Cortical plasticity: Effect of high and low intensity conditioning electrical stimulations (100 Hz) on SEPs to painful finger stimulation

Objective To study the effect of high-frequency (100 Hz) repetitive conditioning electrical stimulation (CES, 10 min) on human somatosensory evoked potentials (SEPs) to evaluate if short-term cortical plasticity could be induced. Methods Painful electrical stimulations were applied to thumb (D1) and little finger (D5) fingertips, respectively. The 124-channel EEG was recorded from 10 healthy male volunteers. Peak stages around 34, 45, 212, 331 ms were analyzed with focal maximum amplitude (FA) and area magnitude (AM) of scalp field potential, topography, and equivalent current dipole source localisation, comparing before and after two-level CES (high- vs. low-level) applied to the He–Gu acupoint.

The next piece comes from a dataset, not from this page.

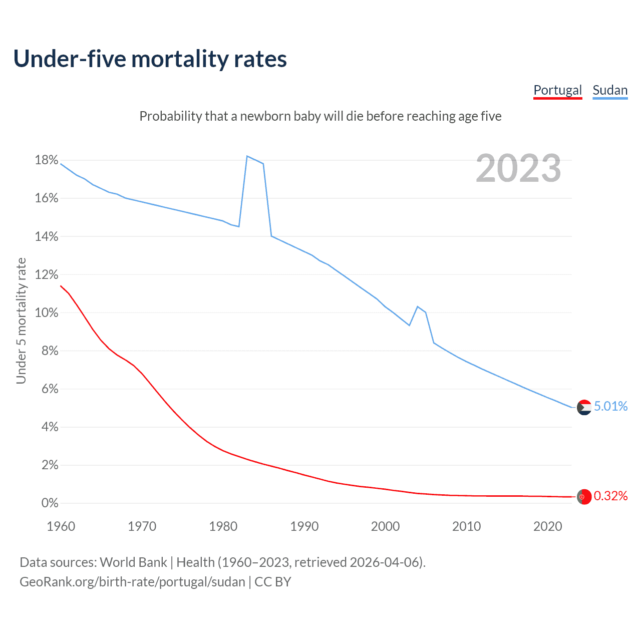 The chance that a newborn baby will die before reaching age five is 0.32% in Portugal and 5.01% in Sudan. Above is a chart with historical data on under-five mortality rates.
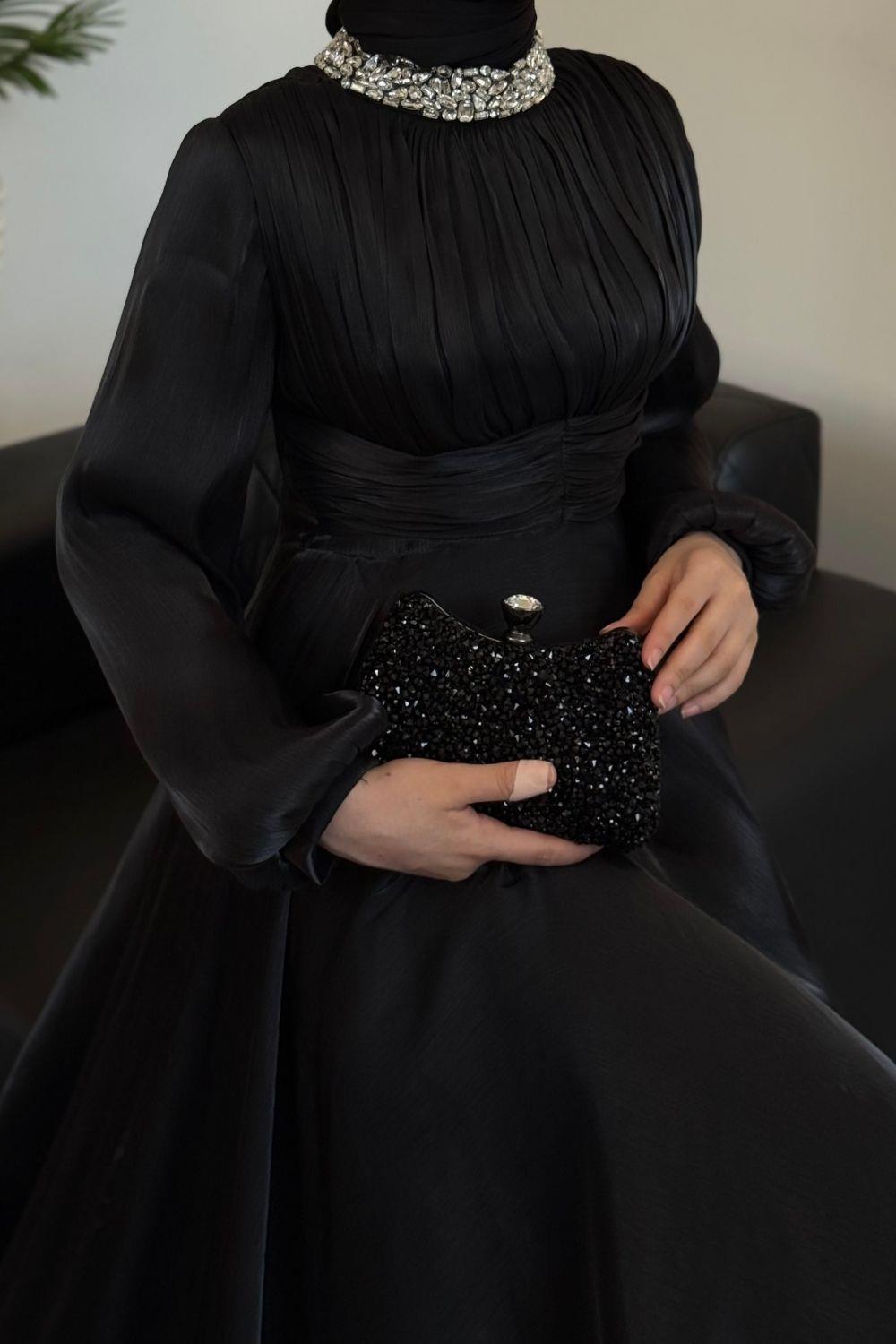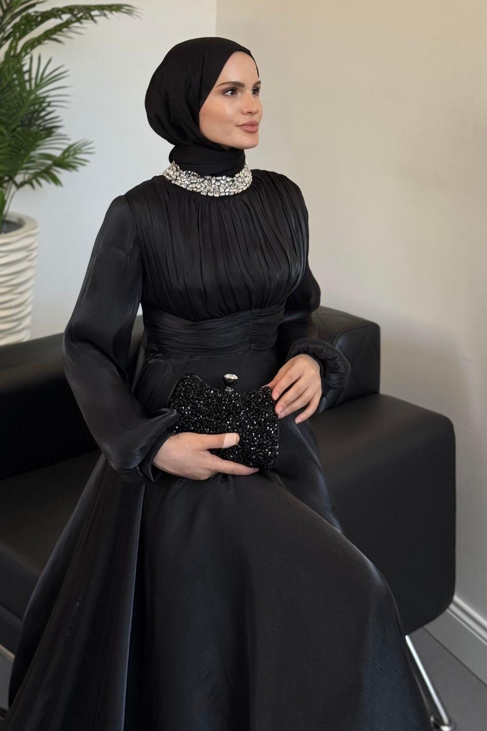 Talya Boynu Taşlı Abiye Siyah

Results After a high-level CES, the positive FA and AM of the current efflux showed a significant increase at the early phase 34 ms, and significantly decreased at 45 ms in D1 SEPs. The negative FA and AM of the current influx were significantly increased at late phase 350 ms of the D5 SEPs. Only 36 ms, the z-axis position of dipole was significantly changed from (x: −15.9 mm, y: 29.6 mm, z: 43.9 mm) to (x: −12.9 mm, y: 29.4 mm, z: 51.5 mm) for the D5 SEPs. Conclusions The high-level CES significantly attenuated the subsequent cortical activation (45 ms peak for D1 stimulation). Both low- and high-level CES significantly enhanced the late activities (226, 350 ms) in D5 stimulation. This may be explained by pain sensation change at the level of subcortical cingulate cortex induced by the site-dependent post-effect of CES. Significance This study showed cortical plasticity induced by conditioning somatosensory stimulation.